Through the Force Fitness Instructor program, the Corps seeks to promote innovative healthy physical fitness alternatives, such as HITT, to enhance operational fitness levels and optimize readiness for all Marines and, in turn, improve physical fitness and Combat Fitness Test scores, and Body Composition Program productivity. The program focuses on flexibility and agility, as well as strength and stamina.

In addition to the command’s PT program, Odom takes part in CrossFit and local competitions, which, he says, help him stay motivated in his career and face any challenges that come his way.

Sled Push Justin Odom
Marine Corps Sgt. Justin Odom, the Marine Corps Systems Command training noncommissioned officer, performs a sled push July 18, 2017, at the High-Intensity Tactical Training facility at Marine Corps Base Quantico, Va.

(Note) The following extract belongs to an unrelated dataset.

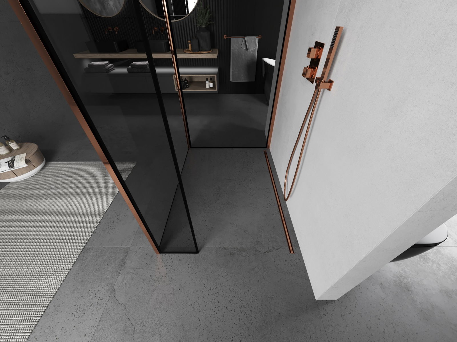 Mexen Kioto ścianka prysznicowa Walk-in 130 x 100 x 40 cm, czarna ramka, różowe złoto - 800-130-100-221-60-70-040

Marine Corps photo by Kaitlin Kelly

“The competitive nature of CrossFit is rewarding because I get to see my progress as my repetitions increase in weightlifting and my numbers increase in different moves on the board,” he said. “My coach actually heard about the HITT challenge and encouraged me to sign up because of the similarities in both workout routines.”

Odom joined the Corps four years ago, just one year after graduating high school. Physical fitness has always been a priority, and he wanted to serve his country. The Corps allowed him to forge his interests into a career.

“The Marine Corps is the best branch of the military there is,” Odom said.

Up Next: Special Operations

In March, the Florida native completed Marine Corps Forces Special Operations Command selection school at Stone Bay, North Carolina. For now, he is in charge of Marine training at MCSC, but will soon head back to Stone Bay for the next portion of MARSOC training.

Working at MCSC is a different type of challenge, Odom said — one where he gets to work his mind by learning about computers, while staying focused on physical training.

“Sergeant Odom is excellent, motivated and does whatever it takes to get the job done,” Lodovico said. “His job while in MARSOC training and the HITT competition will be to perform the best he can. He really builds upon basic knowledge, and I know what he’s capable of.”

Odom credits his success the physical and mental training he has received in the Corps, as well as the extra workouts he puts in during his off-duty time.

“I think it’s cool that I get to go to California and represent the command and base,” he said. “I love competing; that’s totally my wheelhouse, so I’m pretty excited for it.”